● **What you have to do**
The expected answer is the set of lines in the data below between the line holding "A man, burgundy" and the line holding "面料 采用原版B1297一比一定织定染GORE TEX硬壳三合一面料", inclusive, written out exactly.

● **Listed records**
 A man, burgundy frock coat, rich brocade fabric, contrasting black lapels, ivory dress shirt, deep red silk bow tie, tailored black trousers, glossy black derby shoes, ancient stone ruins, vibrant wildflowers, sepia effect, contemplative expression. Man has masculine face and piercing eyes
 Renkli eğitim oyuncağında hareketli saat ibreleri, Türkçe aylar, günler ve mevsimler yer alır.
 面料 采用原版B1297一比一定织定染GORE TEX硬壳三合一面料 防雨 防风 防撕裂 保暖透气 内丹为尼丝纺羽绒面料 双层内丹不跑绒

* * *

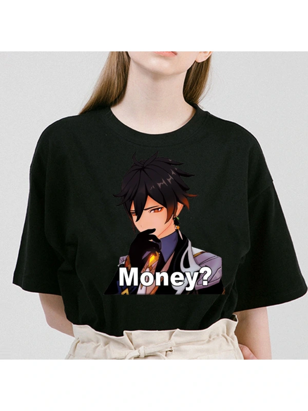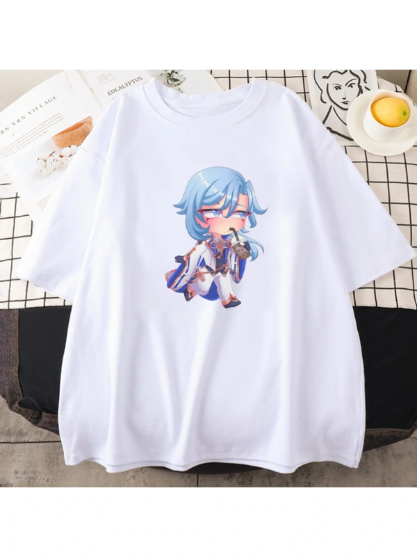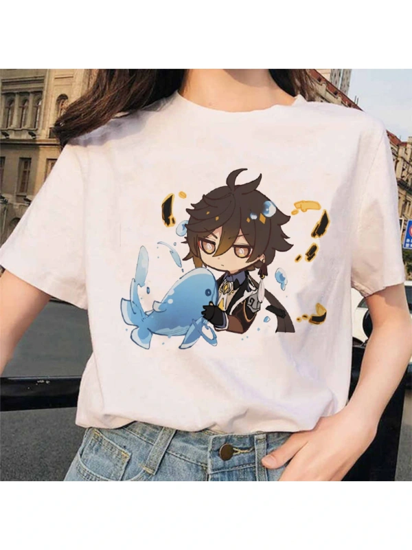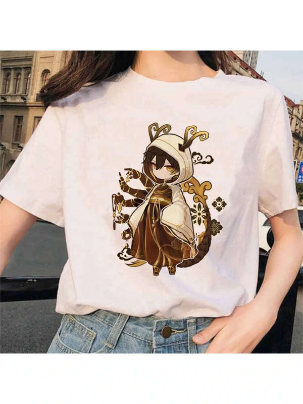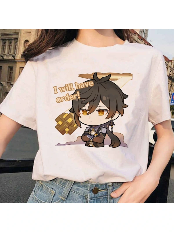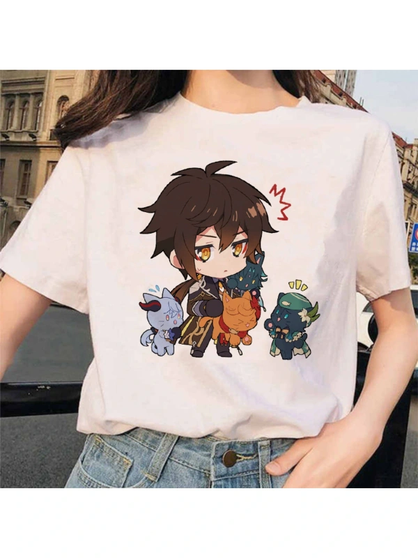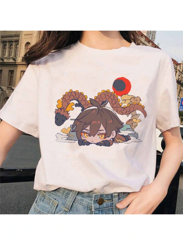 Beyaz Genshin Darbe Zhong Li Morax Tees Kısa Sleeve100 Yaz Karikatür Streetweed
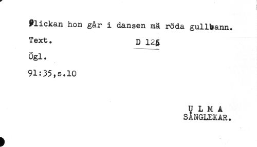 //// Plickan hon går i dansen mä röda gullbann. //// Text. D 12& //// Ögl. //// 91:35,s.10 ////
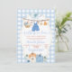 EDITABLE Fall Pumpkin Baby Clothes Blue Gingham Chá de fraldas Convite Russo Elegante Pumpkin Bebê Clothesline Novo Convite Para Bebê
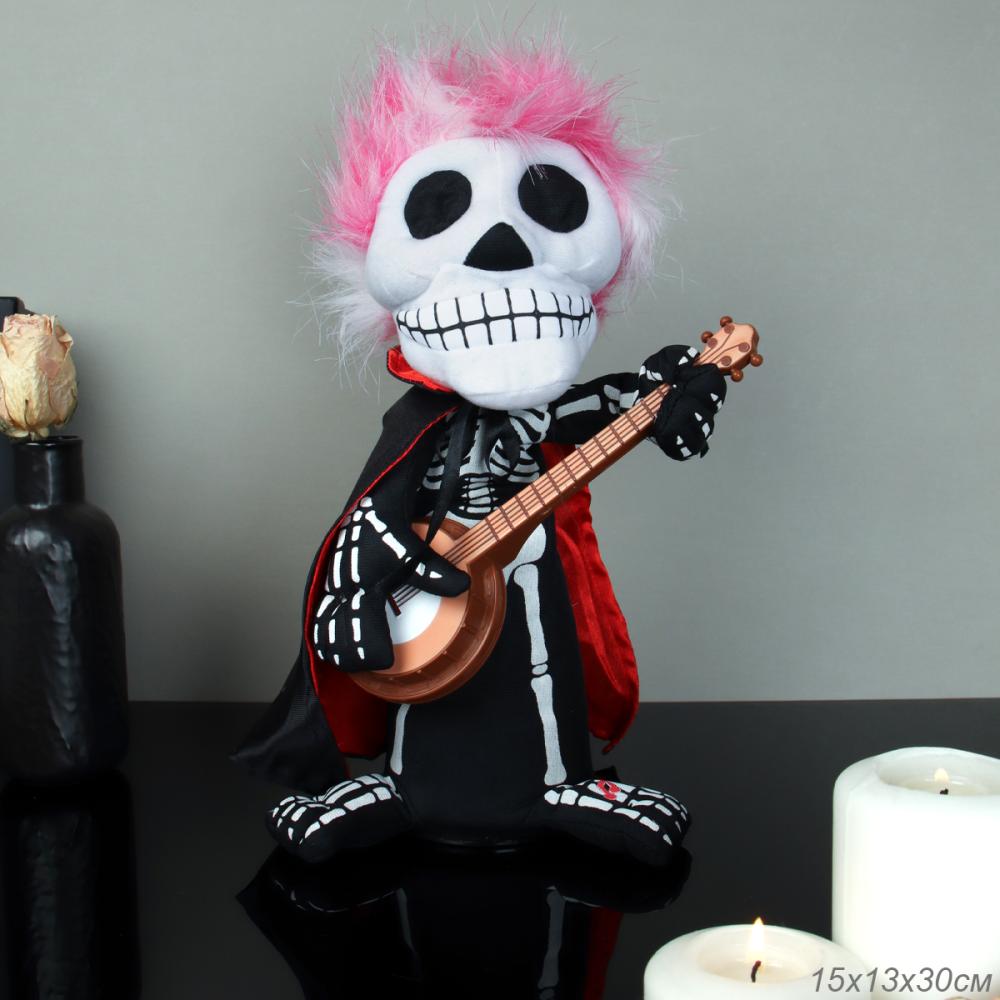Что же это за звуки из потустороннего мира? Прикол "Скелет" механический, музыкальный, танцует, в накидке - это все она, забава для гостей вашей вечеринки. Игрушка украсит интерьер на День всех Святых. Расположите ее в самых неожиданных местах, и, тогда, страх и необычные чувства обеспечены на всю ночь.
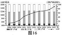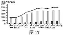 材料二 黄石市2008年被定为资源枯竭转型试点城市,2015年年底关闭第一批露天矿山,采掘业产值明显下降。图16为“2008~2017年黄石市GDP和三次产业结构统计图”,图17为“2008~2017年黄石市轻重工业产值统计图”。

● **Answer to this task**
 A man, burgundy frock coat, rich brocade fabric, contrasting black lapels, ivory dress shirt, deep red silk bow tie, tailored black trousers, glossy black derby shoes, ancient stone ruins, vibrant wildflowers, sepia effect, contemplative expression. Man has masculine face and piercing eyes
 Renkli eğitim oyuncağında hareketli saat ibreleri, Türkçe aylar, günler ve mevsimler yer alır.
 面料 采用原版B1297一比一定织定染GORE TEX硬壳三合一面料 防雨 防风 防撕裂 保暖透气 内丹为尼丝纺羽绒面料 双层内丹不跑绒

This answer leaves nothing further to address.